* PROMPT
Could you copy exactly the lines below, beginning at the line with "MIN([DISTINCT] expr) 返回查询到的数据的" and stopping after the line with "1839-C $2 1/2", with no pictures?

* PROVIDED DATA

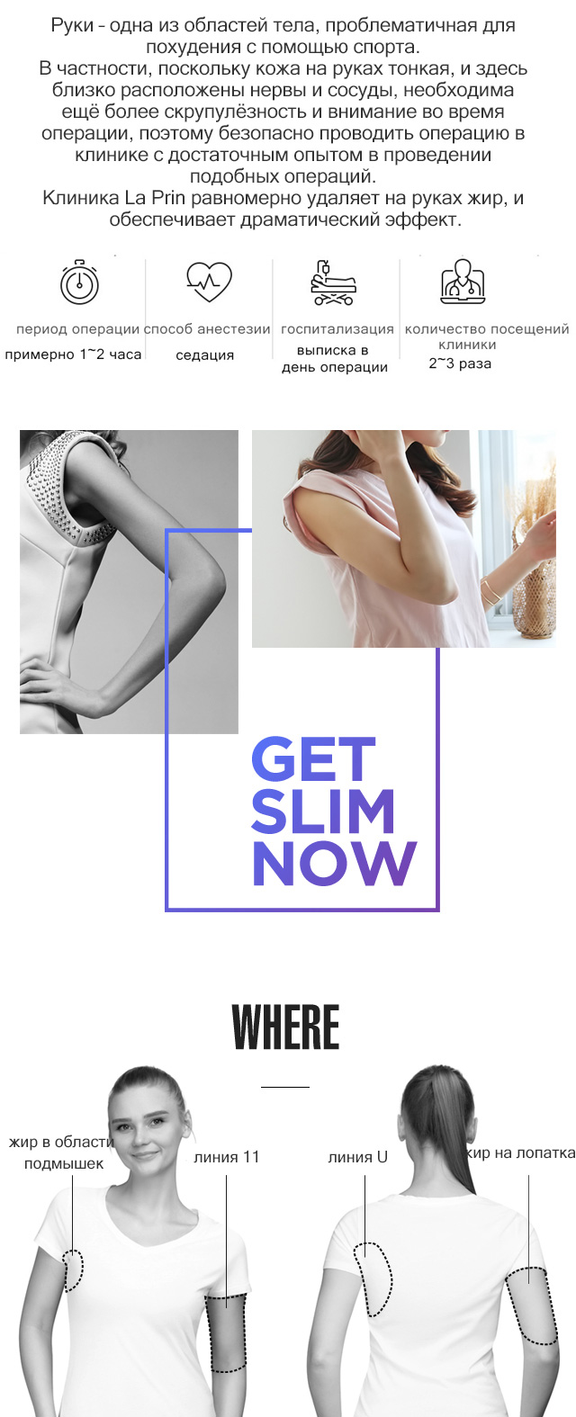 Руки – одна из областей тела, проблематичная для похудения с помощью спорта. В частности, поскольку кожа на руках тонкая, и здесь близко расположены нервы и сосуды, необходима ещё более скрупулёзность и внимание во время операции, поэтому безопасно проводить операцию в клинике с достаточным опытом в проведении подобных операций. Клиника La Prin равномерно удаляет на руках жир, и обеспечивает драматический эффект.
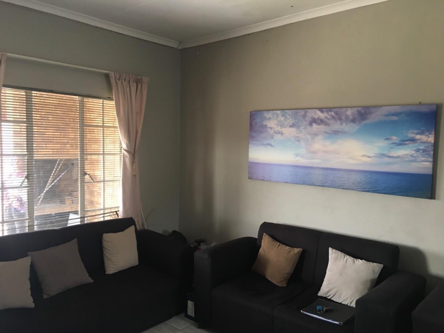 Lounge/dining room area leading out to a balcony with built in Brasilia.
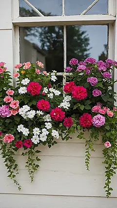 These window box flowers are basically the ultimate curb appeal upgrade, like giving your building a colorful glow-up. They’re like little plant parties happening right outside your window, showing off their cool colors – look at those fancy white roses and bright purple ones in the picture! It’s like they’re saying, “Hey world, check out how awesome we look just chilling here.” They make your window ledge look way happier, like it just put on its best outfit for the day. Plus, it gives the neighborhood squirrels something interesting to ponder besides burying nuts.
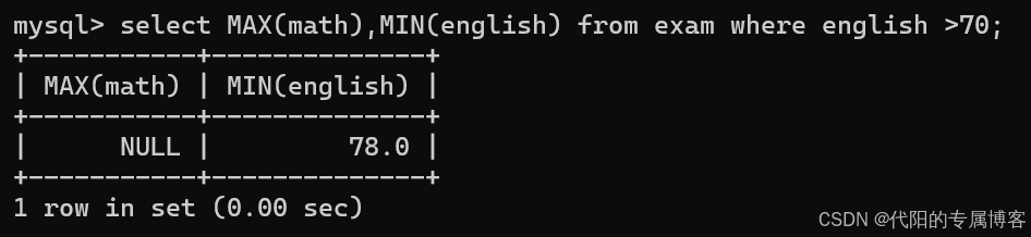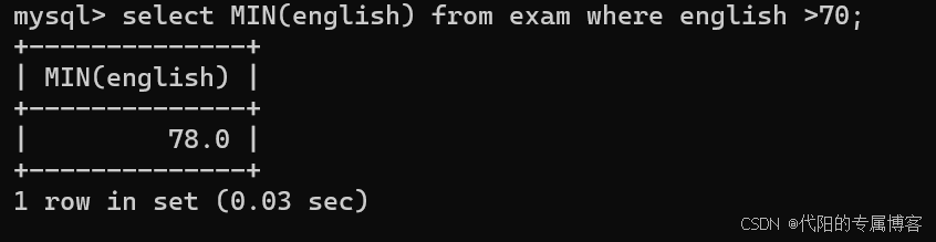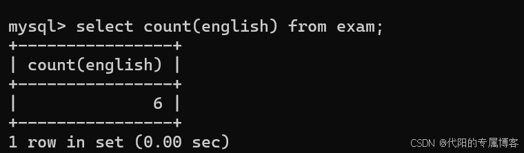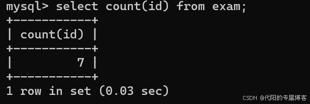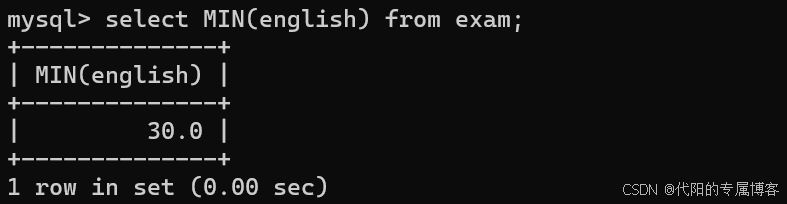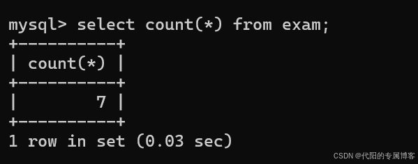 MIN([DISTINCT] expr) 返回查询到的数据的 最⼩值,不是数字没有意义• 统计exam表中有多少记录** 原表
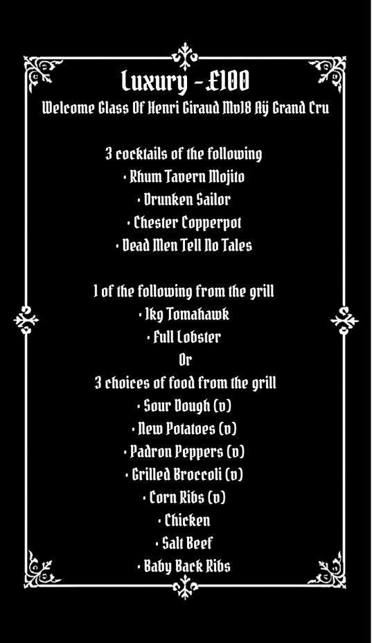 • On confirmation of booking, 50% deposit of the minimum spend will be retained.
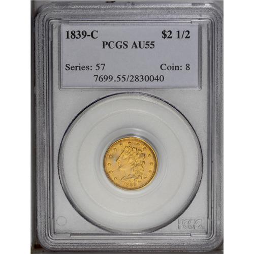 1839-C $2 1/2 AU55 PCGS. Recut 39, Winter 3-C, McClosk
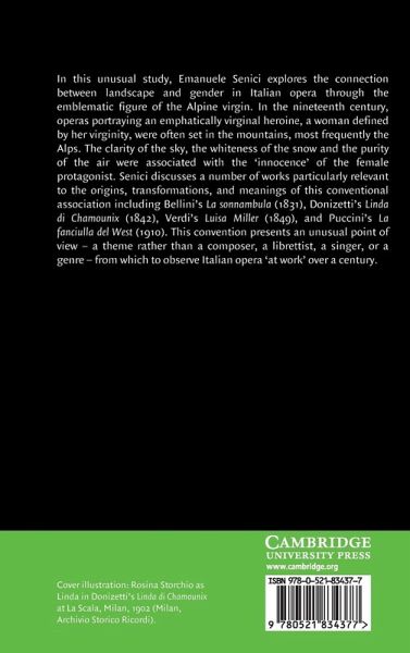 In this unusual study, Emanuele Senici explores the connection between landscape and gender in Italian opera through the emblematic figure of the Alpine virgin. In the nineteenth century, operas portraying an emphatically virginal heroine, a woman defined by her virginity, were often set in the mountains, most frequently the Alps. The clarity of the sky, the whiteness of the snow and the purity of the air were associated with the 'innocence' of the female protagonist. Senici discusses a number of works particularly relevant to the origins, transformations and meanings of this conventional association including Bellini's La sonnambula (1831), Donizetti's Linda di Chamounix (1842), Verdi's Luisa Miller (1849), and Puccini's La fanciulla del West (1910). This convention presents an unusual point of view - a theme rather than a composer, a librettist, a singer or a genre - from which to observe Italian opera 'at work' over a century.
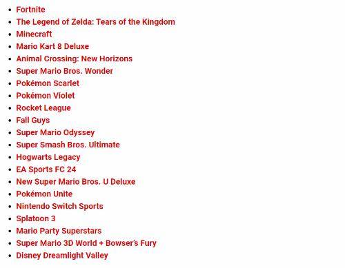除以上游戏外,其他持续受欢迎的游戏还包括《超级马里奥惊奇》、《宝可梦朱》、《宝可梦紫》、《火箭联盟》、《糖豆人》、《超级马里奥奥德赛》、《任天堂明星大乱斗特别版》、《霍格沃兹之遗》和《EA Sports FC 24》。
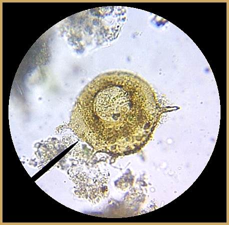 Since Shelled Amoebas are not filter feeders, they depend on their ability to hunt and seek out food. So, a Shelled Amoeba on its back will starve unless it finds some way to right itself. It has a way. It generates an air bubble on one side of the shell. This bubble raises that side so the creature now sits on its opposite side, like a coin on edge. It then extends and attaches its pseudopods to the solid bottom and pulls itself over. Ready to proceed once again as a hunter.
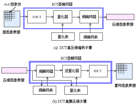 JPEG包含两种基本的压缩算法:无损压缩算法(基于差分脉冲调制 )和有损压缩算法(基于离散余弦变换 )。
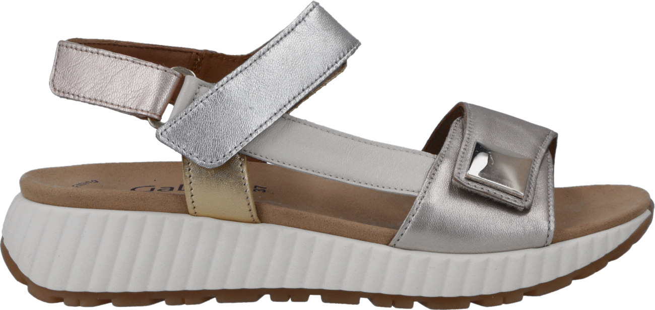 Entdecken Sie den perfekten Begleiter für den Sommer: die Gabor Nappaleder Keilsandalette in elegantem Beige. Diese leichtgewichtige Sandale verbindet hochwertigen Komfort mit einem modischen Design, das sofort für sommerliches Flair sorgt. +
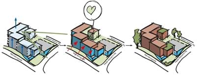 Konceptskitser for bebyggelsens transformation, omfang og fællesskaber

* WRITTEN REPLY
 MIN([DISTINCT] expr) 返回查询到的数据的 最⼩值,不是数字没有意义• 统计exam表中有多少记录** 原表
 • On confirmation of booking, 50% deposit of the minimum spend will be retained.
 1839-C $2 1/2 AU55 PCGS. Recut 39, Winter 3-C, McClosk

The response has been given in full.